US 11,704,535 B1
	Hardware architecture for a neural network accelerator
Kumar S. S. Vemuri, Hyderabad (IN); Mahesh S. Mahadurkar, Wani (IN); Pavan K. Nadimpalli, Gudivada (IN); and Venkat Praveen K. Kancharlapalli, Vijayawada (IN)
Assigned to XILINX, INC., San Jose, CA (US)
Filed by Xilinx, Inc., San Jose, CA (US)
Filed on May 17, 2019, as Appl. No. 16/415,907.
Int. Cl. G06N 3/04 (2023.01); G06F 3/06 (2006.01); G06N 3/063 (2023.01); G06F 5/16 (2006.01); G06N 3/02 (2006.01); G06N 3/06 (2006.01); G06N 20/00 (2019.01)
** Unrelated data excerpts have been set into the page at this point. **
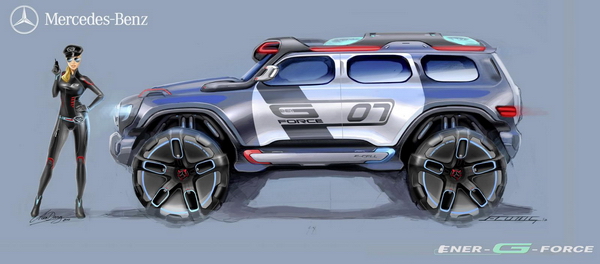 ![]() 其實這是賓士為了參加今年L.A設計挑戰賽所提出的企畫案。這個備受美國汽車設計界重視的設計挑戰賽視評審團為包括美國舊金山藝術大學工業設計學院以及多家知名設計學院所組成,包括賓士、本田以及想在美國立足的車廠幾乎都不會缺席這場設計比賽。也由於評審中有警方代表,因此今年的主題便設定在新世代環保對環境友善的警車。 M-Benz解釋這台名為Ener-G-Force的概念車除了保留位於車頂的LED藍白警示燈外,象徵G-Class精神的大橫閘水箱護罩以及廠徽也會保留。你會發現Ener-G-Force的窗戶變小,設計團隊表示這理念來自於蟲繭,藉由這樣的設計讓警員能夠有夠多的安全感執行勤務,而20吋輪胎的設計則是為了在任何地形都能穿越自如。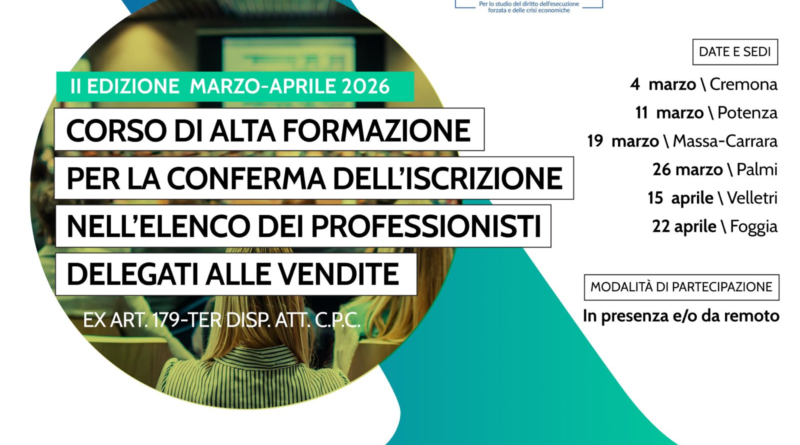 ACDC Nazionale e Inexecutivis.it, con l’impegno delle Associazioni locali indicate, ha organizzato il corso di formazione per la conferma nell’elenco dei professionisti delegati e custodi giudiziari ex art. 179 ter disp. att. c.p.c. Iscrizioni dal sito inexecutivis.it.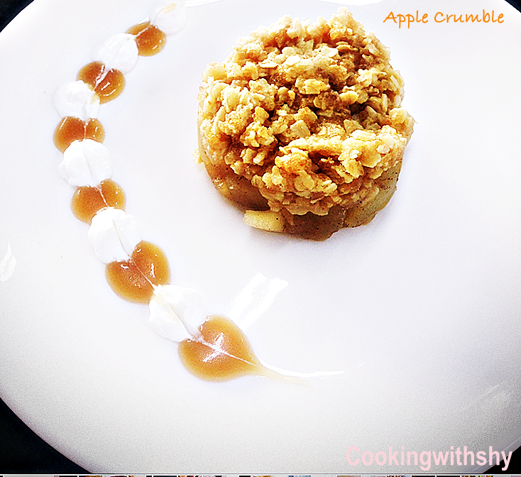 Well I will leave that for another post perhaps and leave you with a wonderful recipe for this Apple crumble. Sliced fresh apples tossed with cinnamon and baked under a crumble made up of Oats, flour, butter and brown sugar make up for this insanely easy and delicious dessert.

CPC G06N 3/04 (2013.01) [G06F 3/0655 (2013.01); G06F 3/0656 (2013.01); G06N 3/063 (2013.01); G06F 3/061 (2013.01); G06F 3/0613 (2013.01); G06F 3/0635 (2013.01); G06F 3/0679 (2013.01); G06F 3/0688 (2013.01); G06F 5/16 (2013.01); G06N 3/02 (2013.01); G06N 3/06 (2013.01); G06N 20/00 (2019.01)]

21 Claims

1. An integrated circuit (IC), comprising:

a digital processing engine (DPE) array having a plurality of DPEs configured to execute one or more layers of a neural network;

reconfigurable integrated circuitry configured to include:

an input/output (IO) controller configured to receive input data to be processed by the DPE array based on the one or more layers of the neural network;

a feeding controller configured to feed the input data from the IO controller to the DPE array executing the one or more layers of the neural network;

a weight controller configured to provide weight parameters used for processing the input data through the one or more layers of the neural network to the DPE array;

an output controller configured to receive processed data from the DPE array based on the one or more layers of the neural network; and

configurable buffers configured to communicate with the IO controller, the feeding controller, the weight controller, and the output controller to facilitate data processing between the IO controller, the feeding controller and the weight controller by alternating between storing and processing data in the configurable buffers;

wherein a first one of the DPEs comprises a neural network unit (NNU) configured to process the input data; and

wherein the NNU comprises digital signal processors (DSPs) configured to process the input data at a frequency that is at least double a frequency at which the programmable logic is configured to operate.